Stan pielęgniarki z ebolą się pogorszył. Ma problemy z oddychaniem

Aktualizacja:
[object Object]
Polska przygotowana na walkę z ebolą?tvn24
wideo 2/20

Teresa Romero, hiszpańska pielęgniarka, która jako pierwsza osoba zaraziła się wirusem ebola poza Afryką Zachodnią, czuje się gorzej - poinformował w czwartek przedstawiciel szpitala w Madrycie, który się nią opiekuje. Jej brat dodał, że kobieta potrzebuje pomocy w oddychaniu - donosi BBC.

Według rzecznika szpitala Karola III, w którym pielęgniarka zaraziła się wirusem, prawdopodobnie czyszcząc pokój po jednym z dwóch zmarłych pacjentów przewiezionych z zachodniej Afryki na leczenie w ostatnich tygodniach, jej stan "pogorszył się" w ciągu ostatniej doby.

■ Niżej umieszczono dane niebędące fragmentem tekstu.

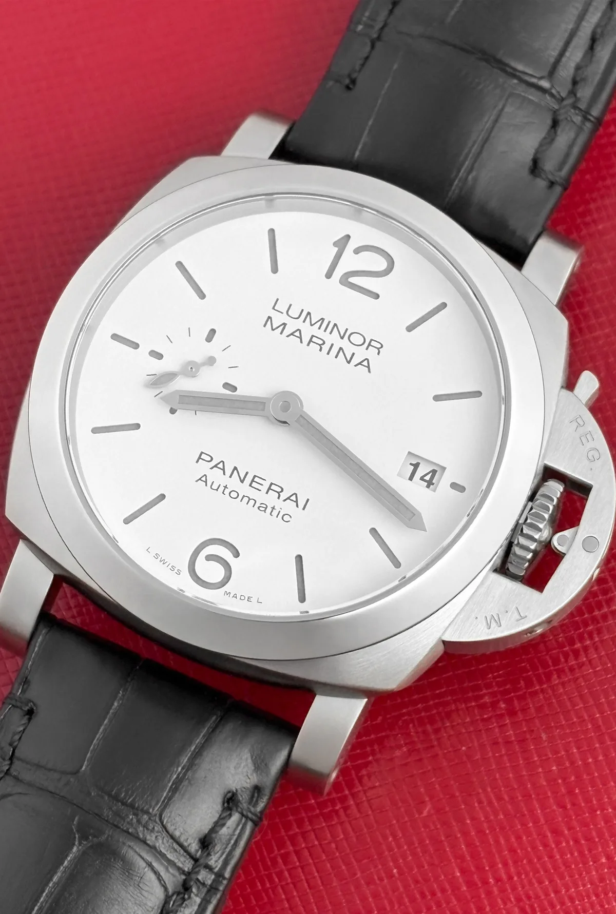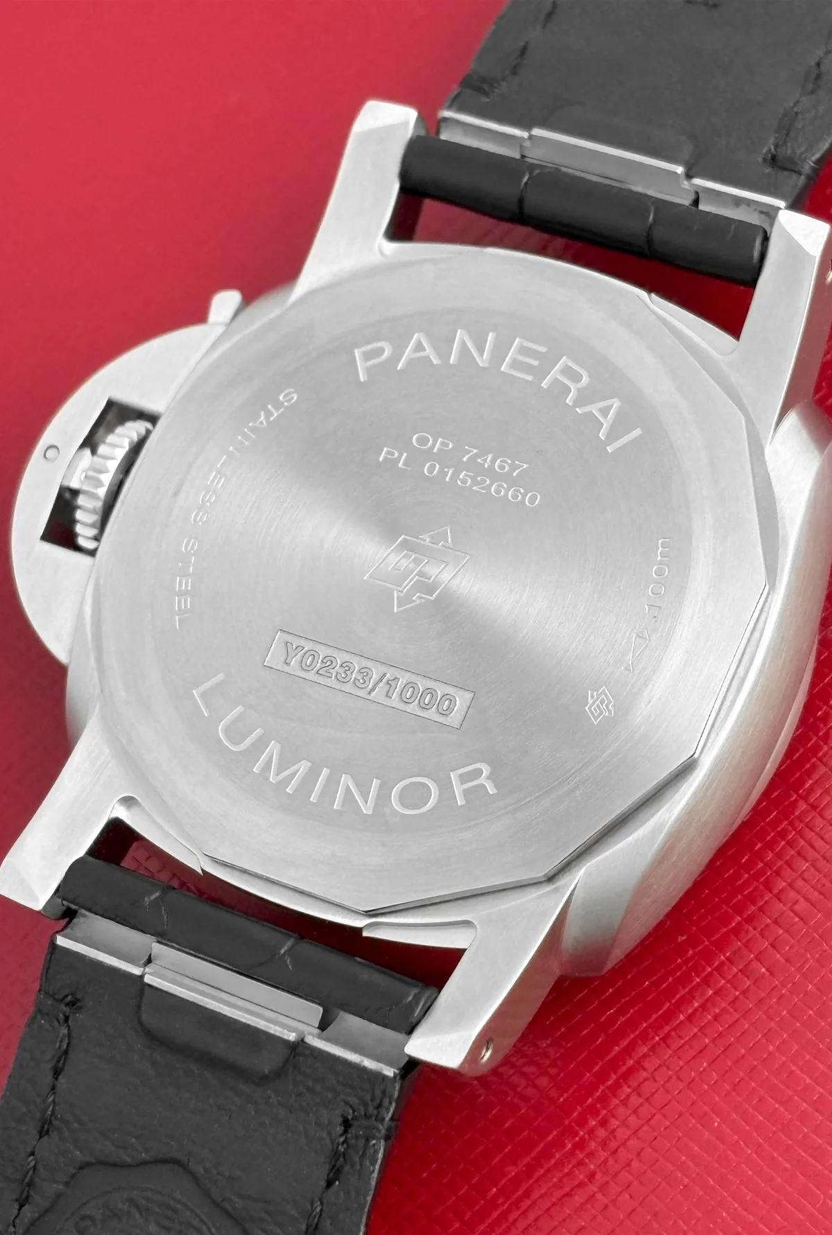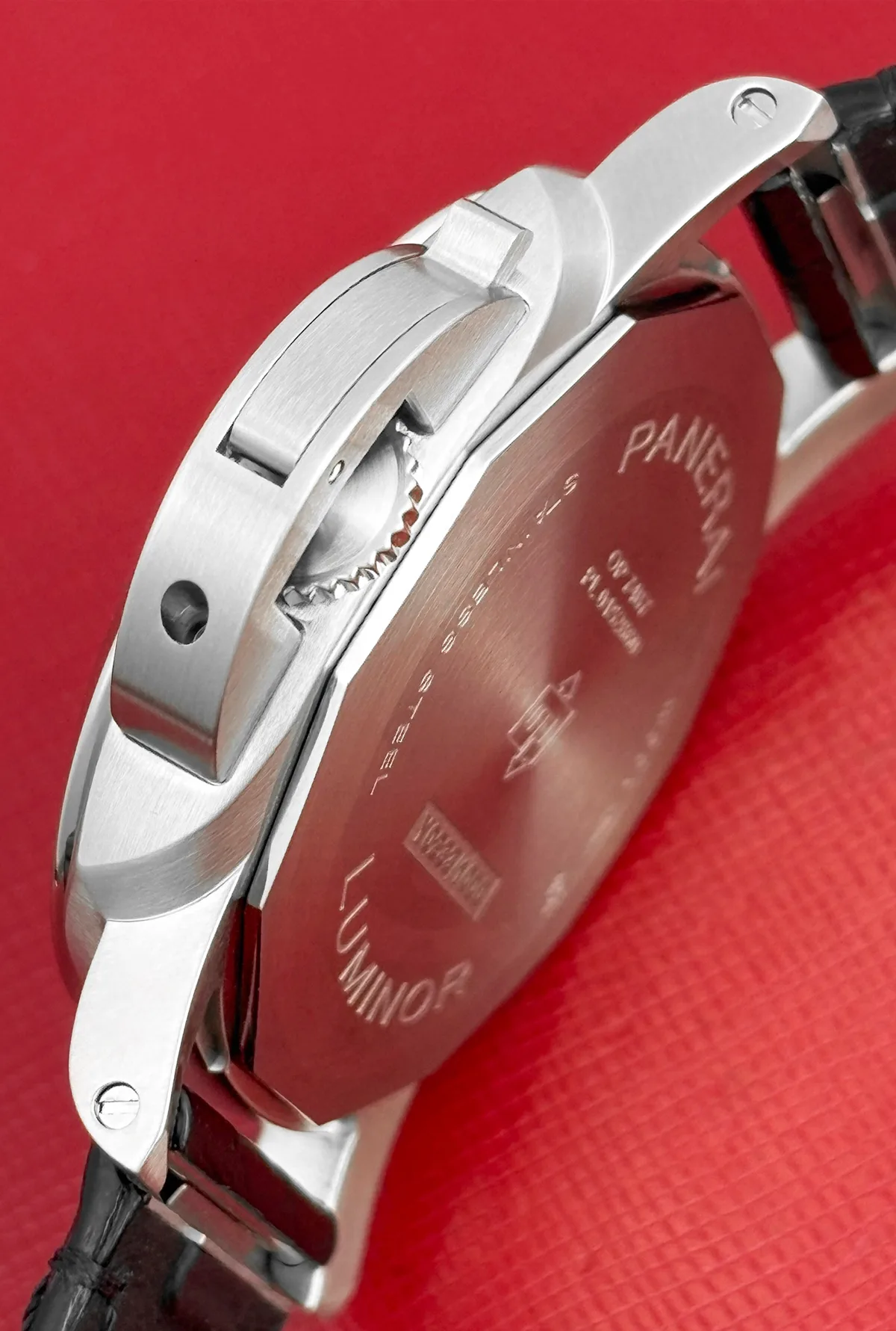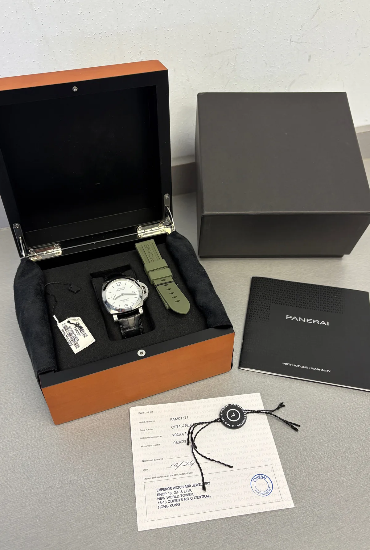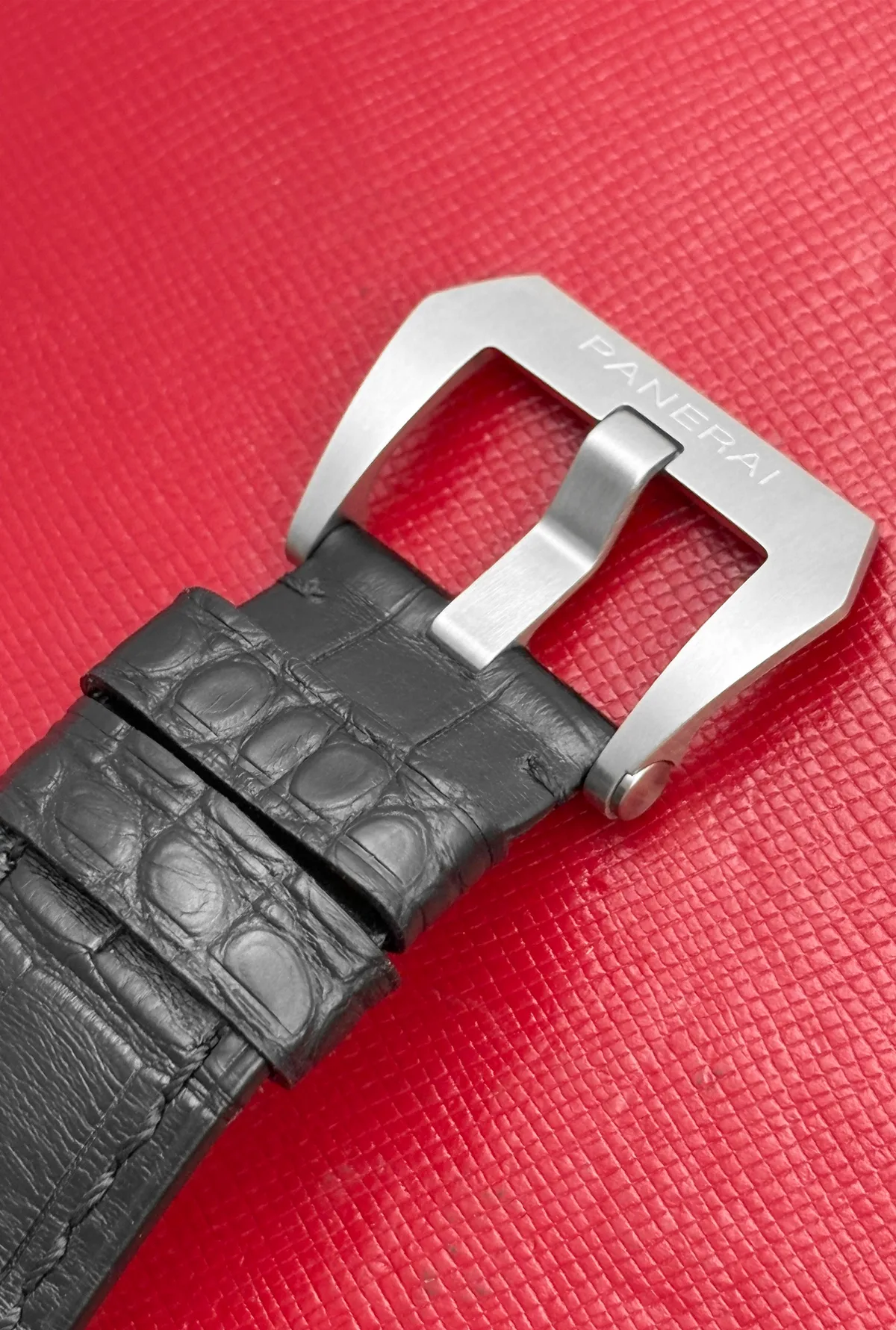 Strap: Black alligator strap with with Stainless Steel Panerai buckle. Note: Extra Panerai green rubber strap also included
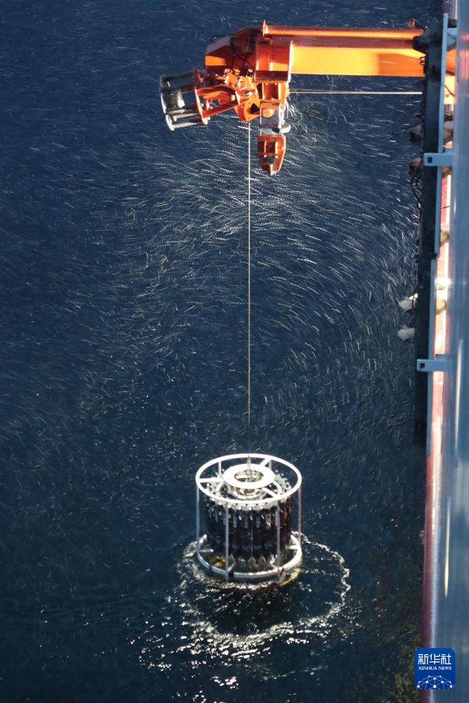 9月8日,“雪龙2”号回收CTD(温盐深剖面仪)。新华社记者 刘诗平 摄
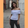 This off shoulder top pattern features a crop length, making it ideal for warm weather and layering with high-waisted bottoms. Available in sizes XXS to XXXL, this pattern accommodates a range of body types.
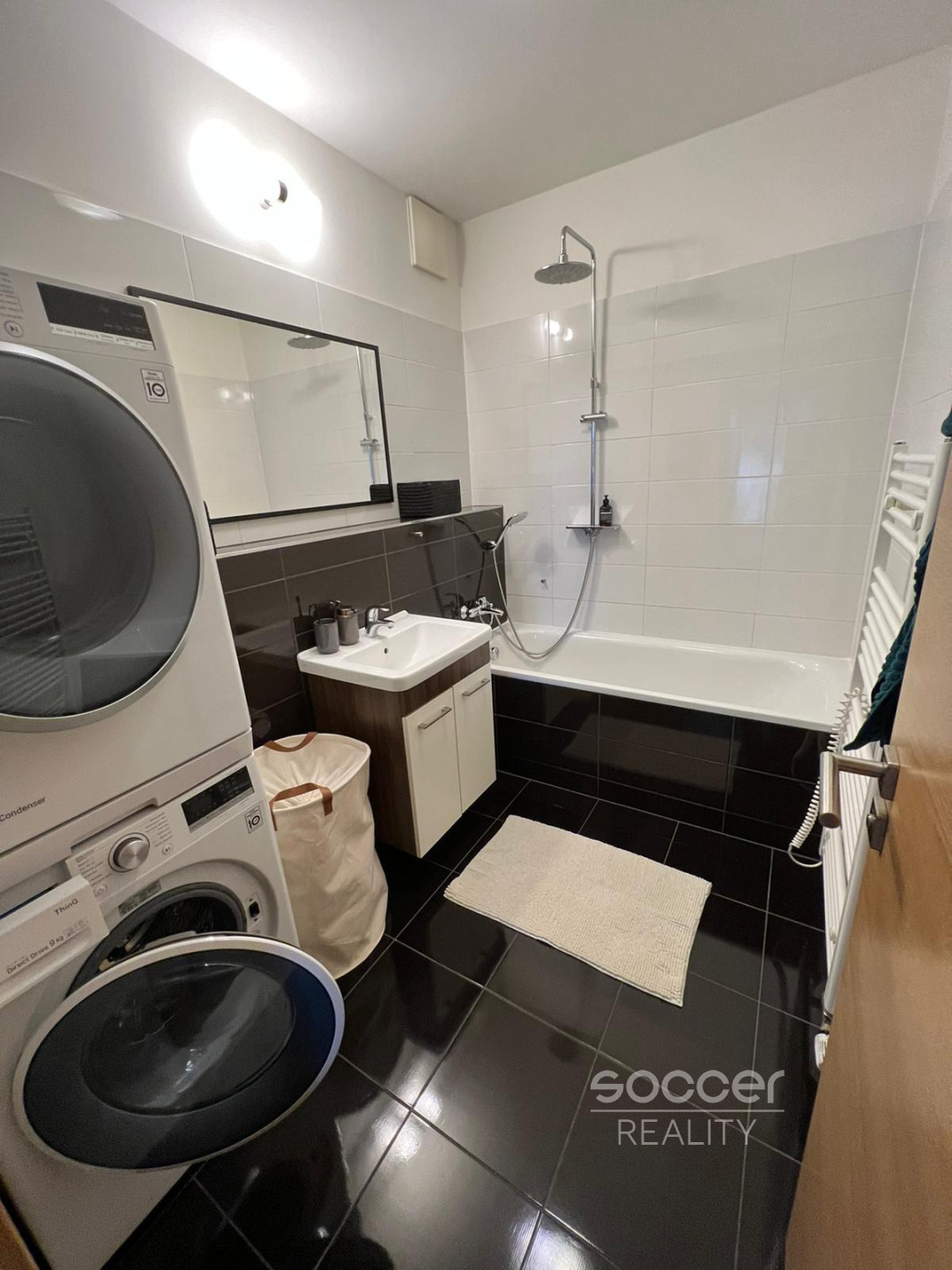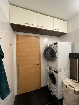 Soccer Reality zprostředkuje k pronájmu kompletně zařízený a vkusně zrekonstruovaný byt v moderním stylu. Součástí vybavení je nová pračka se sušičkou, komfortní postel s japonským futonem a plně vybavená kuchyň s vestavěnou chladničkou a myčkou, která splní nároky i náročnějších nájemců. Byt je umístěn v cihlovém domě v 5. podlaží s výtahem a nabízí praktický přímý vstup z garážových prostor. Dům se nachází v lokalitě s kompletní občanskou vybaveností, která zajišťuje pohodlné městské bydlení bez kompromisů. Velkou předností je výborná dopravní dostupnost - tramvajová zastávka U Elektry je vzdálena pouhých 5 minut chůze, v docházkové vzdálenosti se nachází také stanice metra Kolbenova. V blízkém okolí je rovněž O2 Arena a další možnosti kulturního i sportovního vyžití.

Brat Teresy Romero dodał, że kobieta ma problemy z oddychaniem.

W środę czuła się lepiej

Jeszcze w środę szpital informował, że pielęgniarka czuje się coraz lepiej. Tego dnia udzieliła nawet wywiadu telefonicznego, w którym opowiedziała o okolicznościach, w jakich dowiedziała się o chorobie. Wyznała, że o tym, iż jest zarażona, dowiedziała się z internetu.

Kobieta dostaje środki antywirusowe i przeciwciała wyizolowane z krwi hiszpańskiej zakonnicy, która zaraziła się ebolą w Liberii i wyzdrowiała. - Czuję się lepiej. Bardzo powoli, ale poprawia mi się - mówiła w rozmowie z hiszpańską Television Cuatro.

Gorączka i dreszcze

Teresa Romero powiedziała, że pierwsze objawy choroby pojawiły się u niej 27 września. Wówczas kobieta zadzwoniła do przychodni, ale lekarze sporządzili tylko notatkę i uspokoili ją. Gorzej poczuła się kilka godzin później. Wezwała karetkę i trafiła do szpitala.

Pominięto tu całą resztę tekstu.